The way this was eventually implemented for the key rotation service was to compile a list of all projects in the organization that needed to be enrolled (enrolment into the key rotation service is indicated by setting a custom project label) with the corresponding project owner. After information about the project and its owner have been collected, a new Vault access token and corresponding Vault policy are created and provided to the project owner. From that moment on, the project owner owns an initial set of credentials allowing him/her to access the path in Vault containing the project’s service account keys.

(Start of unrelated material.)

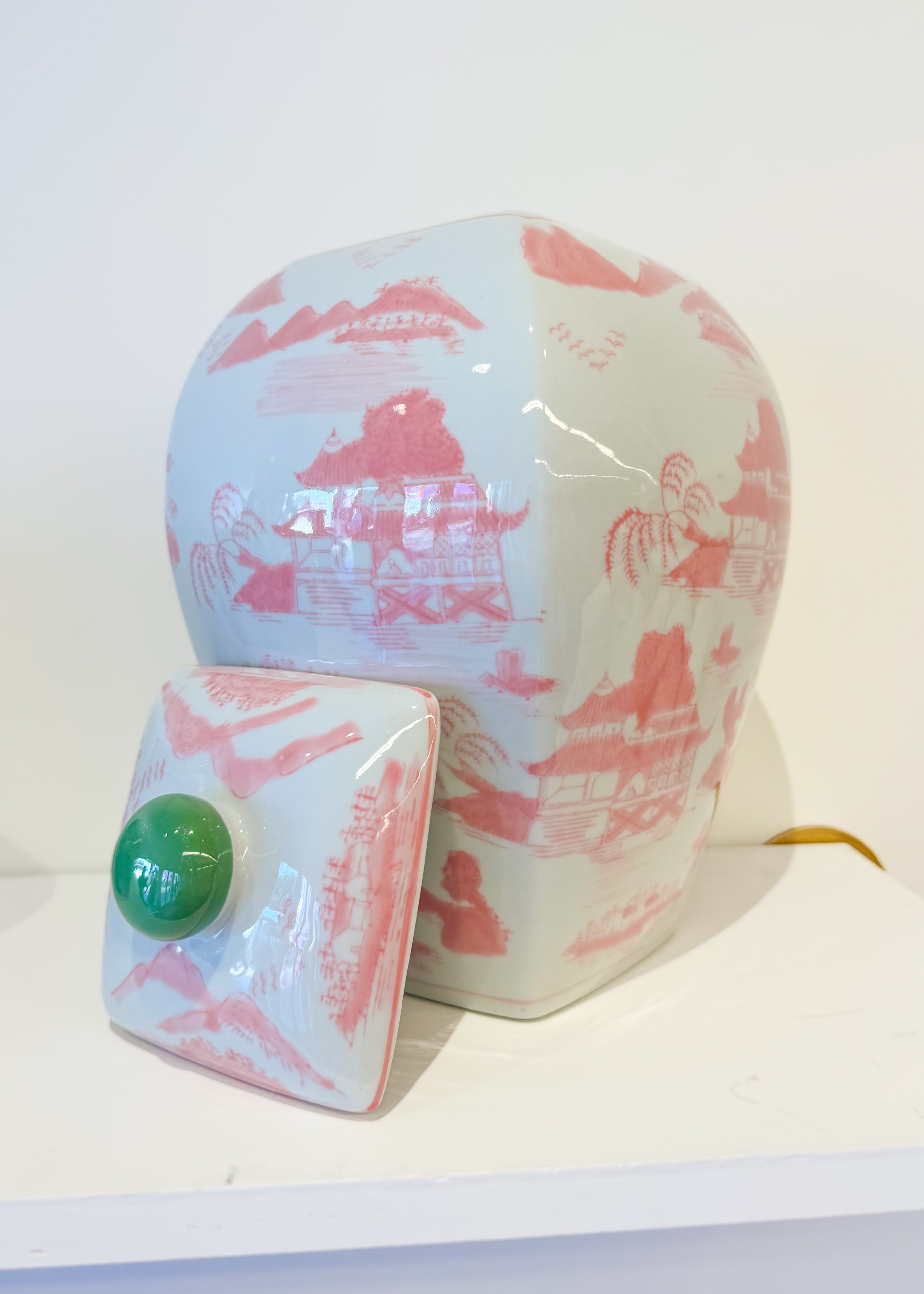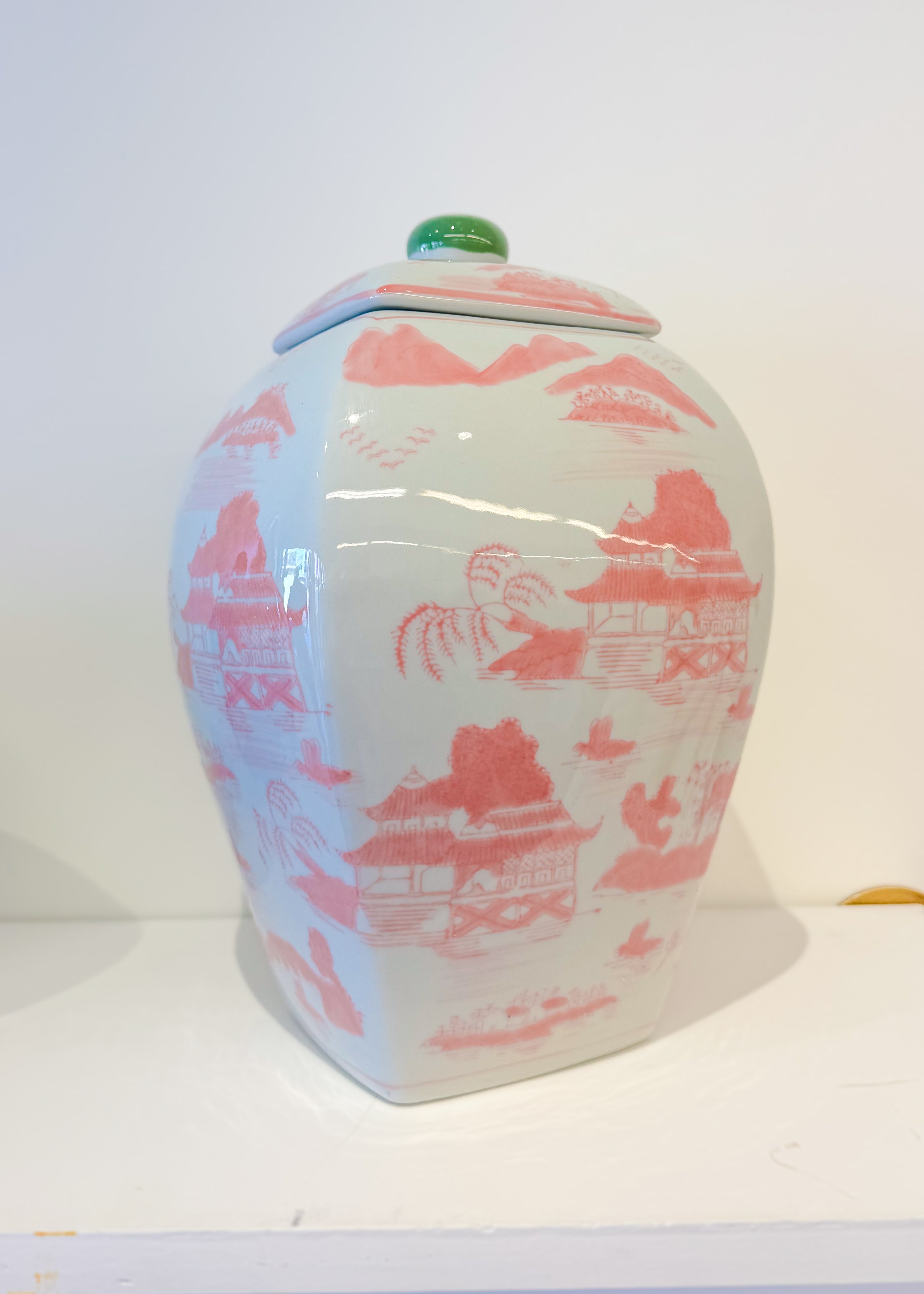 Pink/Green Stoneware Ginger Jar
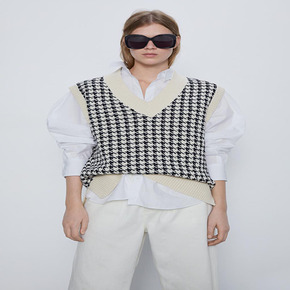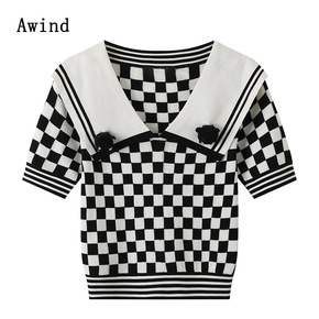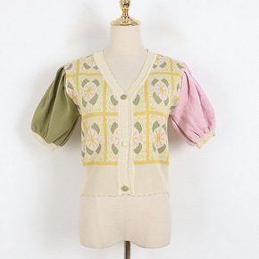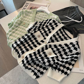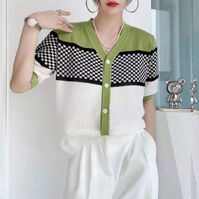 好看亚麻棋盘格拼色V领短袖薄款针织开衫女2022春...

Key Rotation Operational Process
After project enrolment into the key rotation service, a user can retrieve service account keys by authenticating with Vault and reading the project’s path in Vault. The key rotation service in this mode is responsible for creating new service account keys and storing them in Vault for a client’s consumption. In line with our corporate policy, a list of service accounts with service account keys older than 24 hours is compiled, and for those new keys are created and stored in Vault. During this phase, a scan of all enrolled projects is performed, removing any keys older than 24 hours.

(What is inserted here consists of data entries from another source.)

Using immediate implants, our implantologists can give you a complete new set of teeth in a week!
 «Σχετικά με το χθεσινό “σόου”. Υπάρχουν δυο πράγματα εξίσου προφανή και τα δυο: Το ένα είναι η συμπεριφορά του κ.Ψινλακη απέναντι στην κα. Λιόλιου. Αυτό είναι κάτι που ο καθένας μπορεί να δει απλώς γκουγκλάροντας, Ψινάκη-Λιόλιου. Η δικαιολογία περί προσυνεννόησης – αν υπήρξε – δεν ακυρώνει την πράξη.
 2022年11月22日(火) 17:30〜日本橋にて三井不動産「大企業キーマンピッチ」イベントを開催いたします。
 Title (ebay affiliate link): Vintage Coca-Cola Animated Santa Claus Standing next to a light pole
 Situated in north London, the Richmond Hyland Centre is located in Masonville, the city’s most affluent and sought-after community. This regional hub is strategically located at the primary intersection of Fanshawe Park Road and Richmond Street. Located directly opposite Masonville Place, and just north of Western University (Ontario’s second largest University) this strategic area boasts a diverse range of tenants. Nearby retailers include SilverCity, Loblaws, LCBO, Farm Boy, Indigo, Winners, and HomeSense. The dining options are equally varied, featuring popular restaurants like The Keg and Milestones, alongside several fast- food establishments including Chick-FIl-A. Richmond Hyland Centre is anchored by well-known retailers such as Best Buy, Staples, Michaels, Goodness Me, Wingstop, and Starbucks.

The Cleaner service is responsible for maintaining the consistency of secrets data stored in Vault and the state of Google Cloud IAM. Cases when cleanup might be required include a project being deleted (the Vault user token path is removed), a project being unenrolled from the key rotation service (the project label is removed), a service account, or all keys for a service account, being removed (the service account key and Vault path are removed).
Combining all above-described elements of the key rotation process allows us to: centrally manage and enforce GCP service account key TTL and provide users with a convenient way of retrieving up-to-date service account keys.

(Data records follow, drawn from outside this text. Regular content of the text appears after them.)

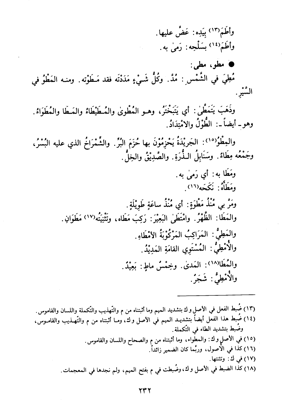وأطَمَ بِيَدِه : عَضَّ عليها . وأطَمَ بسَلْحِه : رَمى به . مطو ، مطى مُطِيَ في الشَّمْسِ : مُدَ . وكُل شَيْء مَدَدْتَه فقد مَطَوْته . ومنه المَطْوُ في السيْرِ . وذَهَبَ يَتَمَطَّى : أي يَتَبَخْتَرُ ، وهو المُطْوى والمُطَيْطَاءُ والمَطَا والمُطَوَاءُ . وهو - أيضاً - : الطُّوْلُ والامْتِدَادُ . والمِطْو : الجَريْدَةُ يَحْزِمُوْنَ بها حُزَمَ البُرِّ . والشِّمْرَاخُ الذي عليه البُسْرُ ، وجَمْعُه مِطَاءٌ . وسَنَابِلُ الذُرَةِ . والصَّدِيْقُ والخِلُّ . ومَطَا به : أي رَمى به . ومَطَأه : نَكَحَه . ومَر بي مُنْذُ مَطْوَةٍ : أي مُنْذُ ساعَةٍ طَويلَةٍ . والمَطَا : الظَّهْرُ . وامْتَطَى البَعِيْرَ : رَكِبَ مَطَاه ، وتَثْنِيَتُه مَطَوَانِ . والمَطِيُّ : المَرَاكِبُ المَرْكُوْبَةُ الأمْطَاءِ . والأمْطِيُّ : المُسْتَوِي القامَةِ المَدِيْدُ . والمُطَا : المَدى . وخِمْسٌ ماطٍ : بَعِيْدٌ . والأمْطِيُ : شَجَرٌ .
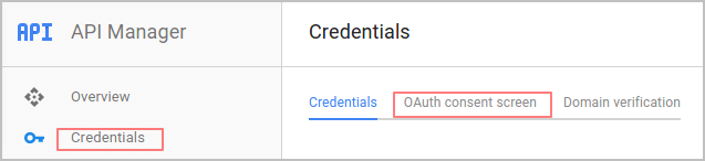 - On the left side menu, select the sub menu Credentials (from API Manager) then select OAuth consent screen.
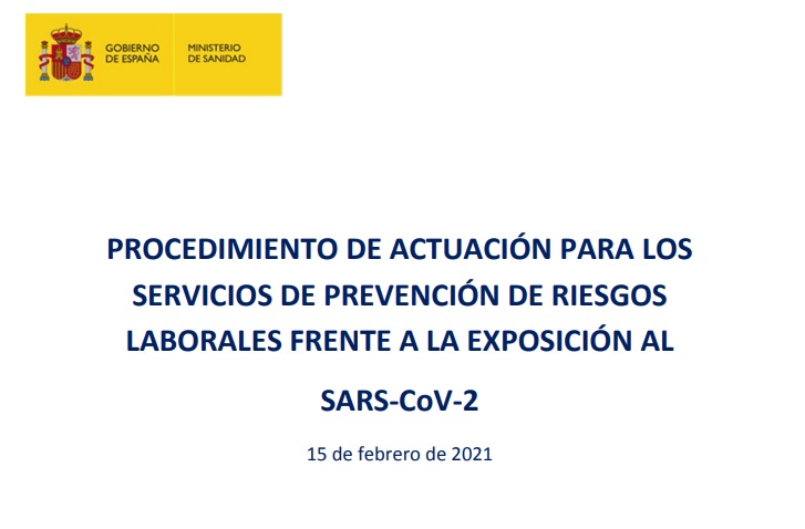 El Ministerio de Sanidad ha publicado, con fecha 15 de febrero de 2021, la actualización de "Procedimiento de actuación de los Servicios de Prevención Ajenos frente a la exposición al SARS-CoV-2". Descargar

As already mentioned, while key rotation is a simple concept, its practical implementation can be complex and require custom logic. Various ways of rotating GCP service account keys exist and implementation should consider aspects like user experience and flexibility, the ability to centrally manage and enforce key rotation/expiration, and the cost of maintaining the chosen solution. Each individual solution to the key rotation process will come with its own set of pros and cons, and as always, the best solution for an organization will depend on its requirements.
Going beyond service account keys, when designing a secure platform on Google Cloud, it’s worth mentioning other ways of achieving high levels of security while maintaining user convenience. If an application using a service account is hosted on GCP, an option of assigning a service account to resources (Compute Engine, GKE, etc) exists, avoiding the issue of having to manage service account keys completely. This is an appealing option, as no rotation or other maintenance of the service account keys is required.
Last but not least, Google Cloud regularly introduces new and exciting improvements for existing services, this is something worth keeping an eye on for improving your organisation’s security posture. Here at King, we always try to encourage Google Cloud on ways to make its portfolio better by giving regular feedback on their services.
Related to contents of this article and security in general, we would like to see more granular permissions management being implemented across more services, particularly in the case of service account keys creation and deletion, where a service account having granted iam.serviceAccountKeys.create and iam.serviceAccountKeys.delete permissions, can delete and create a service account key for other potentially higher privileged roles in a project.
We are continually developing and expanding our tech infrastructure thanks to GCP as well as reaching new flexibility in scaling and development cycles in a secured environment.